The government seems to have a clear view of the bigger picture. But India's economic future will depend on what it puts in the fine print.

India's tryst with high oil prices has never been a happy affair. Every crisis from 1973 onwards has shaved off a few percentage points from its gross domestic product (GDP), and pushed the inflation rate to obscene levels. A sharp increase in crude prices, which touched nearly $100 a barrel, saw the country's GDP tumbling by 5.2 per cent and inflation rising to an unmanageable 17.1 per cent in 1979. And the1990 oil crisis, that brought the now famous foreign exchange crisis for India in its wake, saw GDP growth tumbling to 1.3 per cent and the inflation rate topping 14 per cent.
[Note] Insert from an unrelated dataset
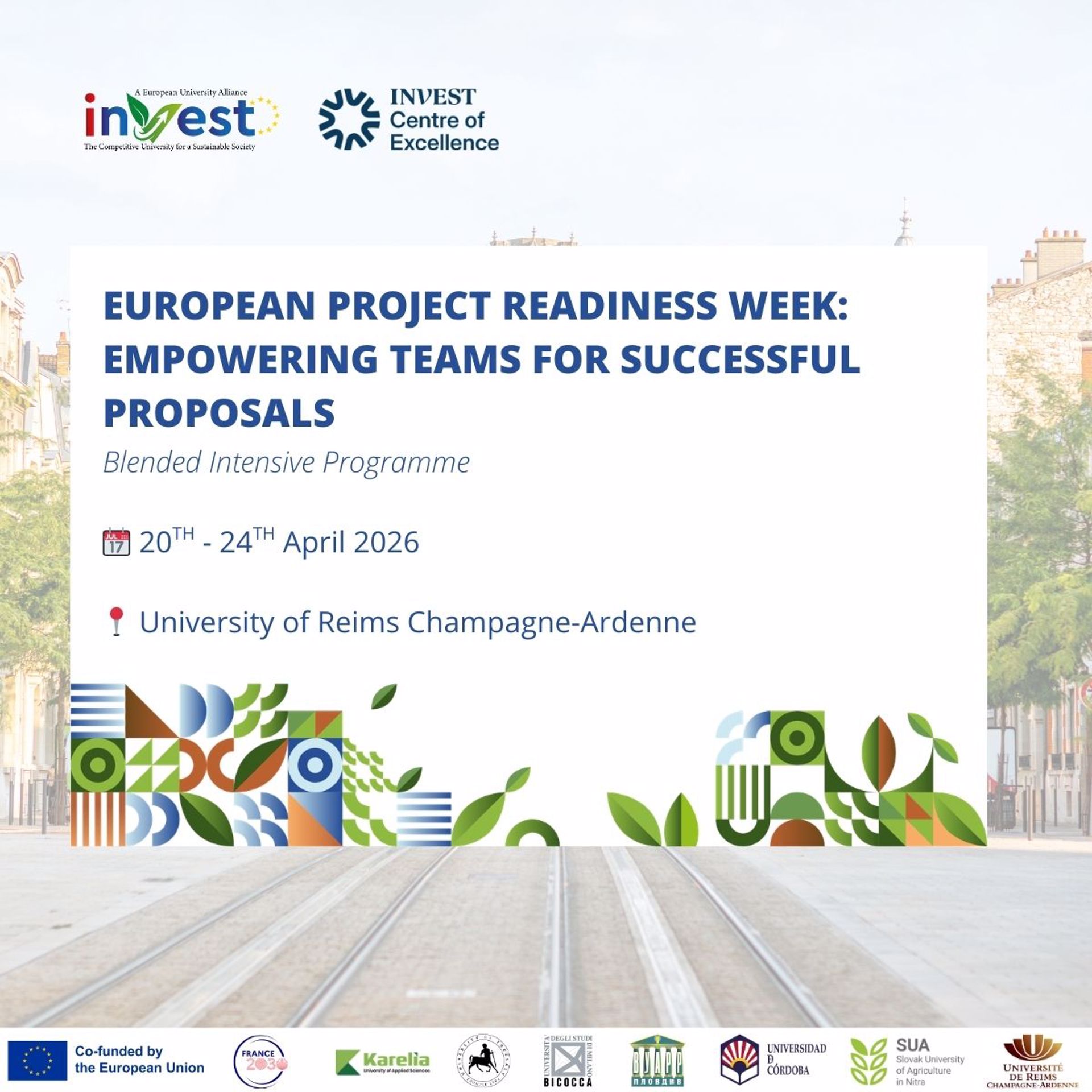 From 20th to 24th April 2026, the University of Reims Champagne-Ardenne is organising a Blended Intensive Programme for staff. This week will be focused on European projects as part of the INVEST Centre of Excellence (CoE), which was launched in November 2025.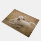 Goldendoodle, bouche ouverte, oreilles clignotantes, court à travers l'herbe haute.

A 2002 International Energy Agency study shows that an increase of $10 (Rs 440) in crude prices could pull down India's GDP growth by a full percentage point. Unfortunately, this vulnerability has only accentuated over the years. And it's easy to see why. Domestic crude production stagnated at 33 million tonnes (MT) between 2000-01 and 2003-04 before dipping to 29.40 MT in 2004-05, even as consumption jumped from 106.52 MT in 2000-01 to 124.3 MT in 2004-05. The result: the country was forced to import 76 per cent of its domestic oil requirement. And this demand is only likely to grow.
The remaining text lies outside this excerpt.